Why Is Starwood Holding Back on Tokenization?

Barry Sternlicht, chairman and chief executive of Starwood Capital Group, said his firm is prepared to tokenize real-world assets but cannot proceed because of regulatory constraints in the United States. Speaking at the World Liberty Forum in Palm Beach, Sternlicht said Starwood — which manages more than $125 billion in assets — is operationally ready to move.

“We want to do it right now and we’re ready,” Sternlicht said. “It’s ridiculous that our clients can’t do it in token,” he added, referring to the use of blockchain-based tokens to transact assets such as real estate.

Tokenization converts ownership rights in physical assets into digital tokens recorded on a blockchain. In real estate, that could allow investors to buy fractional interests in properties and trade them more easily, potentially expanding access beyond traditional institutional channels.

Investor Takeaway

Large asset managers are operationally prepared for tokenization, but U.S. regulatory clarity remains the gating factor for scaled adoption.

How Big Could Tokenized Real Estate Become?

Real estate tokenization has been discussed for years, yet adoption has been gradual. A Deloitte report published last year projected that $4 trillion worth of real estate could be tokenized by 2035, up from less than $0.3 trillion in 2024. If realized, that would imply a 27% compound annual growth rate for tokenized property markets.

Deloitte wrote that “Tokenized real estate could not only pave the way for new markets and products, but also give real estate organizations an opportunity to overcome challenges related to operational inefficiency, high administrative costs charged to investors, and limited retail participation.”

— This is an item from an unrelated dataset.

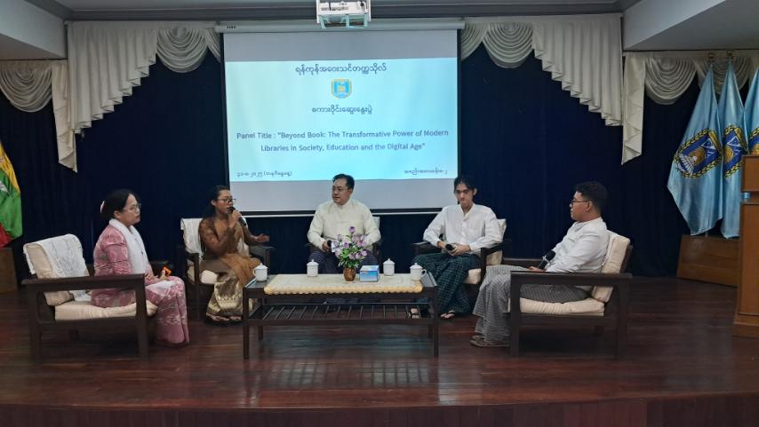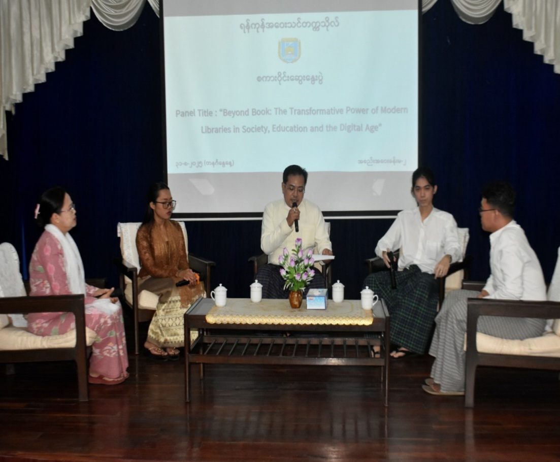 ရန်ကုန်တိုင်းဒေသကြီး၊ ကမာရွတ်ခရိုင်၊ ကမာရွတ်မြို့နယ်၊ ရန်ကုန်အဝေးသင်တက္ကသိုလ်တွင် စာအုပ်များအပြင် လူ့အသိုင်းအဝိုင်း၊ ပညာရေးနှင့် ဒီဂျစ်တယ်ခေတ်တွင် ခေတ်မီစာကြည့်တိုက်များ၏ပြောင်းလဲနိုင်စွမ်း "Beyond Books: The Transformative Power of Modern Libraries in Society, Education, and the Digital Age" ခေါင်းစဉ်ဖြင့် စကားဝိုင်းဆွေးနွေးပွဲကို ဩဂုတ်လ ၃၁ ရက်နေ့ နံနက် ၈ နာရီက အစည်းအဝေးခန်းမ(၂)၌ ကျင်းပခဲ့သည်။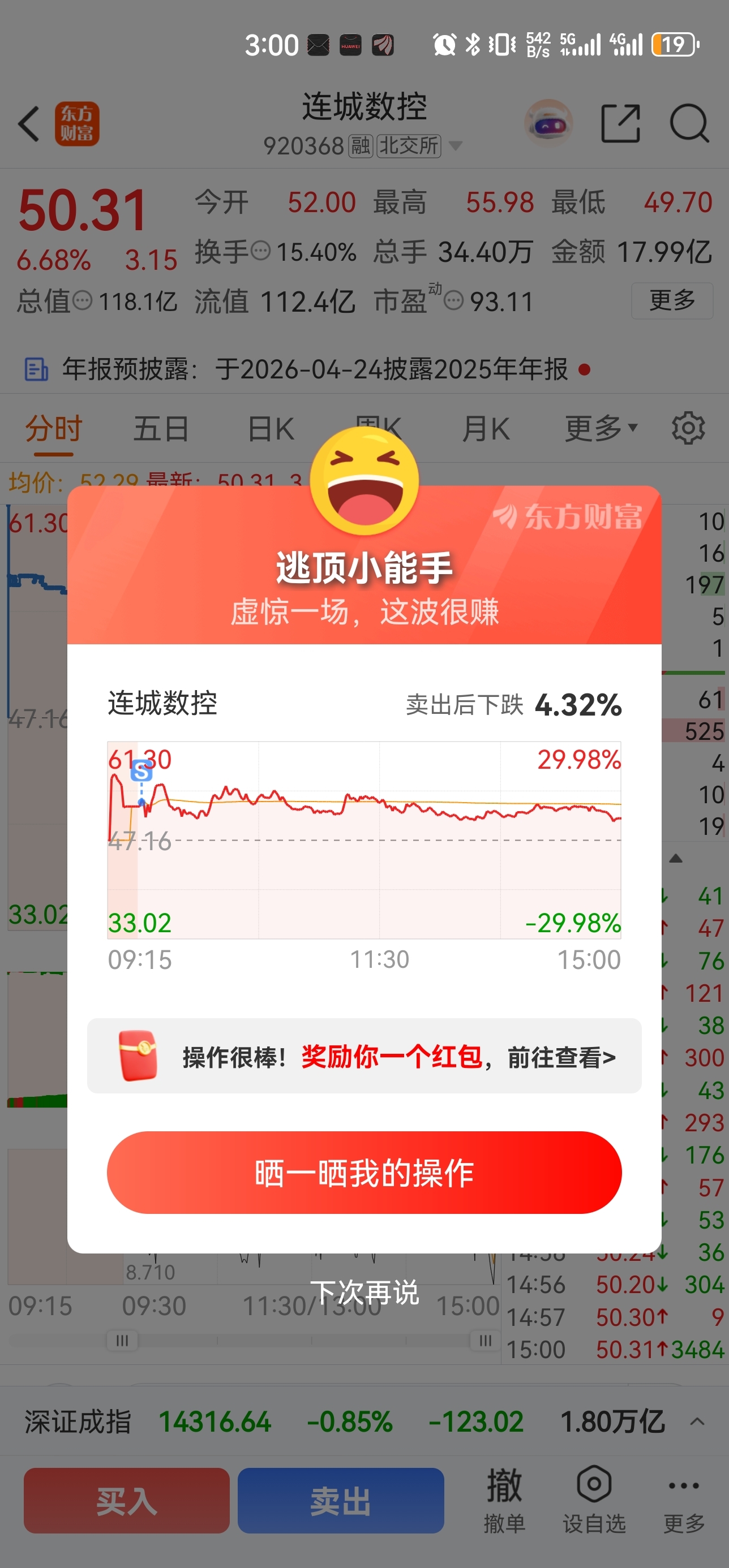 1、$连城数控(SZ920368)$ 就算今天涨停也不属于我了,两天33%盈利也知足了,不用纠结盘中他涨但18%还是20%,不重要,多次强调:北交所就是快进快出,不恋战,火中取栗的事,舍不得就会被烤熟!包括优机股份,周五2%盈利今天割肉,这只票三成仓亏3%,无所谓的事,抓大放小!像周五卖出的华维设计也是,没出的今天能舍得割肉的估计没几个吧?28%的大面,谁想尝尝就选择格局北交所

Some firms are already testing the model. Propy, a blockchain-based real estate platform, outlined a $100 million expansion plan last year to acquire mid-sized property title companies across the United States, with the goal of modernizing and digitizing closing processes. These efforts remain small relative to the broader property market, which still relies heavily on manual documentation and intermediary-driven workflows.

Why Does Sternlicht Call It “the Future”?

Sternlicht framed tokenization as a technological leap rather than a niche financial experiment. “The technology is superior,” he said. “This is the future.”

He compared tokenization’s development stage to artificial intelligence, arguing that it is still earlier in its adoption cycle. “This is even earlier in the physical world than AI is,” he said. He described tokenization as “exciting as can be,” adding, “It’s a fantastic thing for the world, the world just has to catch up with it.”

His comments reflect a broader industry belief that blockchain infrastructure can streamline ownership records, reduce settlement friction, and widen investor access to traditionally illiquid markets. For firms managing private real estate funds, tokenization could offer new capital-raising channels and secondary liquidity options.

Investor Takeaway

Tokenization remains infrastructure-ready but policy-constrained. Institutional capital is waiting for regulatory alignment before committing at scale.

What Is the Regulatory Constraint?

Sternlicht did not detail specific regulatory provisions blocking Starwood’s plans, but tokenized real estate offerings in the United States typically intersect with securities law, broker-dealer registration rules, custody requirements, and investor eligibility standards. Without clear pathways for compliant issuance and trading, large asset managers face legal uncertainty.

While blockchain-based property transfers are technically feasible, scaling them within the U.S. regulatory perimeter requires coordination across securities regulators and market infrastructure providers. Until that framework is clarified, tokenization efforts by major private equity real estate firms are likely to remain exploratory rather than operational.

For now, the gap between technological readiness and regulatory permission remains the central constraint. Sternlicht’s remarks indicate that institutional appetite exists. Whether policy evolves to accommodate that demand will determine how quickly tokenized real estate moves from pilot projects to mainstream capital markets.